I've read (with some amusement), that Renault described the current location as being chosen so a passenger could easily disable it in the event of the Driver suffering a stroke or other medical episode. I have no idea whether this was a serious or tongue in cheek response but it sounds like complete B/S to me. The switch, could be just as accessible and in reach of a passenger if placed in the centre of the dashboard near to the radio / navigation / heater controls, or even on the left side of the Steering wheel.

To be honest in an emergency, behind the Electronic handbrake switch would be the last place I would think of looking the Cruise control switch in any car, in an emergency anyway, so valuable seconds lost there if you are not already familiar with the Kadjar's bass ackwards control layout! . Either way, any modern design which encourages the driver to take their eyes off the road in order to activate a feature, which a lot of drivers may decide to use when already on the move is just ludicrous, as is its close proximity to the handbrake switch.

If Renault hadn't have filled so much of their Dashboard with so much pointless Eco B/S perhaps there would have been room for a dedicated cruise control switch in a more conventional location and within the field of view of the driver.
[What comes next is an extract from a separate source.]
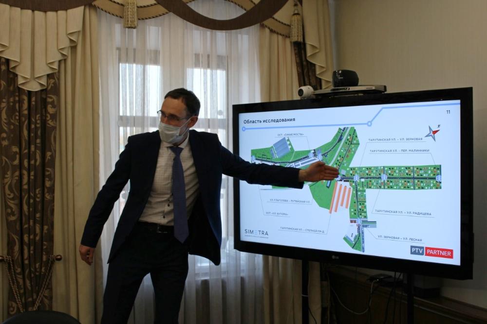 Разработчикам модели была поставлена задача улучшить транспортную схему без использования дорогостоящих инфраструктурных решений. Они постарались найти тот вариант, который будет работать пять и более лет. Для этого проводились полевые исследования: измерялась интенсивность движения на Синих мостах и примыкающих к ним улицах, длина очередей автомобилей, определялись характерные для этого района Калуги часы пик. Было разработано несколько вариантов решения проблемы. Наиболее оптимальный был представлен городским управленцам.

Edited by Chris James on 31/03/2018 at 19:12

HighlanderUK    on 2 April 2018

Mum's the word reply:

CX-5s are good, but only basic versions are offered with the 2.0 Skyactiv petrol engine

-- actually you get the Sport Nav trim level with 2.0 Skyactiv G petrol engine in manual no problem, with ADD (digital HUD as standard. I know this as i just bought one last month with Stone Leather and Bose 10 speaker system as standard, and didnt think the ADD system would be useful, but it is and saves taking your eyes off the road and works in all light conditions, but watch if you wear polarised sunglasses as it will dim significantly (same as petrol station LCD screens).
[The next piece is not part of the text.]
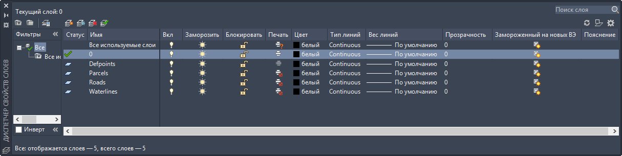 В списке перечислены слои чертежа и их свойства.
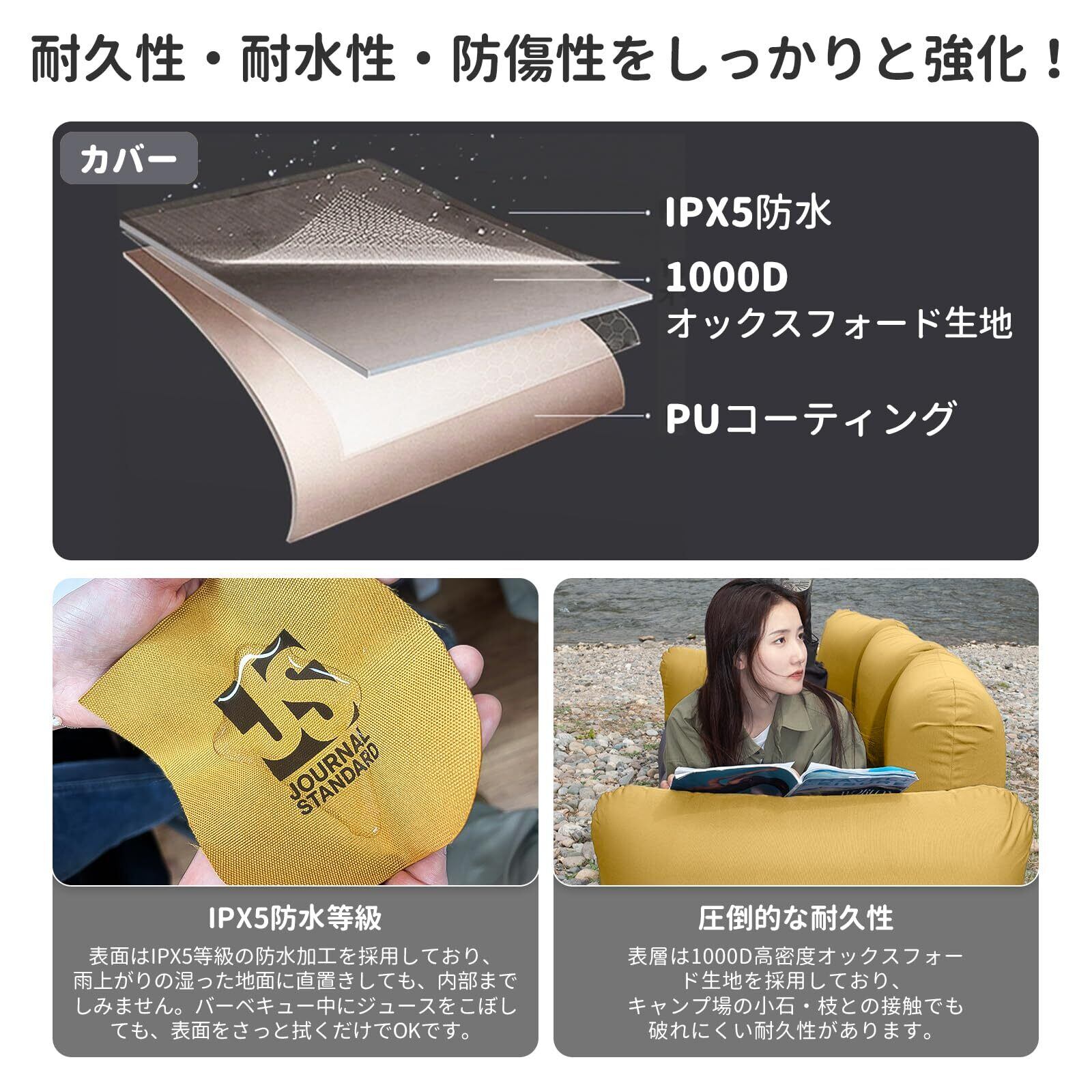 【圧倒的な耐久性と防水性】このエアーソファーは1000D高密度オックスフォード生地を採用しており、キャンプ場の小石・枝・金属チェアとの接触でも破れにくい耐久性があります。また、IPX5防水等級で、雨上がりの湿った地面に直置きしても、内部までしみません。バーベキュー中にジュースをこぼしても、表面をさっと拭くだけでOK。

BrendanP    on 2 April 2018

Like my previous cars, I had to remove the entire headlamp from my 2011 Hyundai i30 to replace a bulb. It was also necessary to undo a number of screws and pop out the rear light cluster to change bulbs. On the next generation i30 I find it is possible to replace the bulbs without having to take the lights units out, so at least one manufacturer is taking steps to make these jobs easier.

Raxiel    on 3 April 2018

Re Bore wars.
Modern engines burn more oil than older designs, as manufacturers adjusted tolerances to reduce internal friction. This had the negative side effect of increasing the amount of oil that made it past the piston rings, but was considered an acceptable cost for the improvement in fuel economy that was achieved.

A 'consistent' amount of consumption can be considered 'normal'. If it ever increases above that consistent level, then it's time to worry.

I don't know for certain that's the case with EB's engine, but if BMW say its in tolerance, I suspect it is.

Raxiel    on 5 April 2018

Correction: they adjusted clearances, not tolerances.